### DATASET EXCERPTS
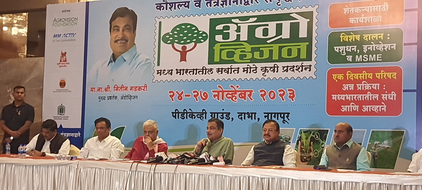 नागपूर : ( २७ ऑक्टोंबर २०२३ ) विदर्भातील कृषी परिवर्तनाचे महत्त्वाचे माध्यम ठरत असलेले मध्य भारतातील सर्वात मोठे कृषी प्रदर्शन, अँग्रोव्हिजन येत्या २४ ते २७ नोव्हेंबर दरम्यान पीडीकेव्ही ग्राउंड, दाभा, नागपूर येथे आयोजित करण्यात आले असल्याची माहिती केंद्रीय मंत्री नितीन गडकरी यांनी आज पत्रकार परिषदेत दिली.
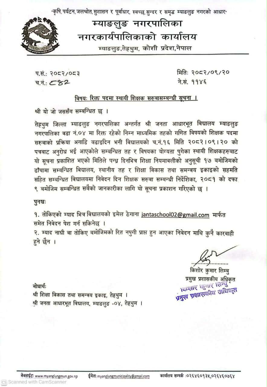 रिक्त पदमा स्थायी शिक्षक सरुवासम्बन्धी सूचना ।
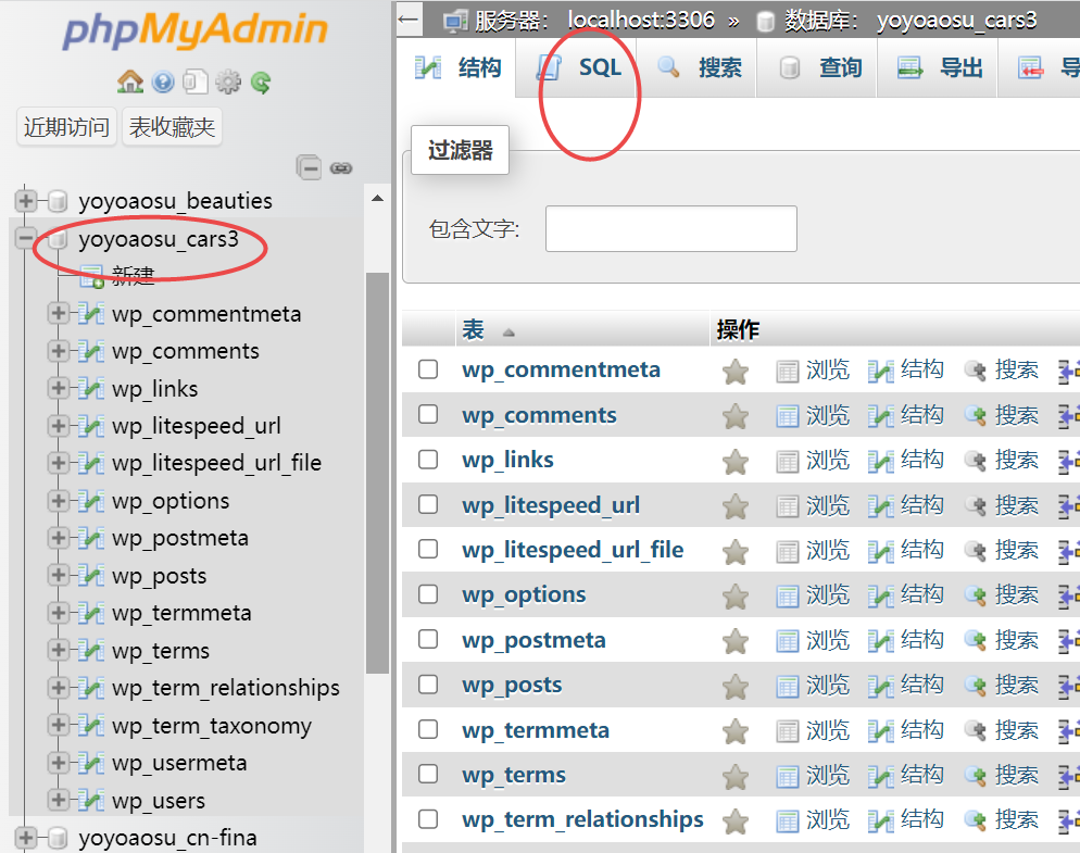 接着打开网站的数据库,进入网站数据库的SQL功能项!
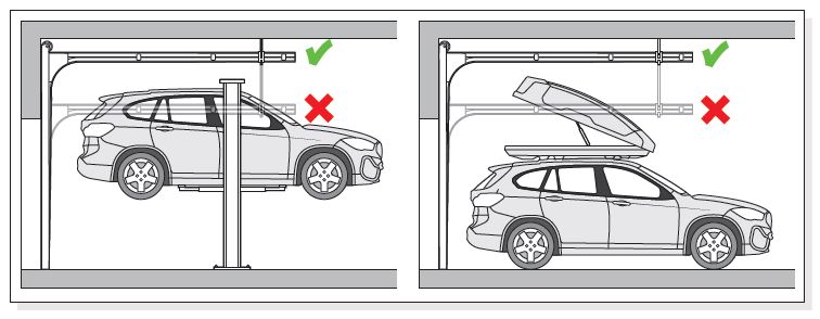 Har du ett garage med flera portöppningar med olika höjd rekommenderar vi att du monterar portar med den högsta höjden även i de lägre portöppningarna.
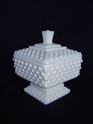 VINTAGE MILK GLASS HOBNAIL SQUARE 5" X 5" X 6" BOX
######
PROBLEM REQUIREMENTS
Quote exactly, and only, the lines from the line containing "接着打开网站的数据库,进入网站数据库的SQL功能项!" through the final line of the records above, both included, omitting any pictures.

SOLUTION TO THE EXERCISE
 接着打开网站的数据库,进入网站数据库的SQL功能项!
 Har du ett garage med flera portöppningar med olika höjd rekommenderar vi att du monterar portar med den högsta höjden även i de lägre portöppningarna.
 VINTAGE MILK GLASS HOBNAIL SQUARE 5" X 5" X 6" BOX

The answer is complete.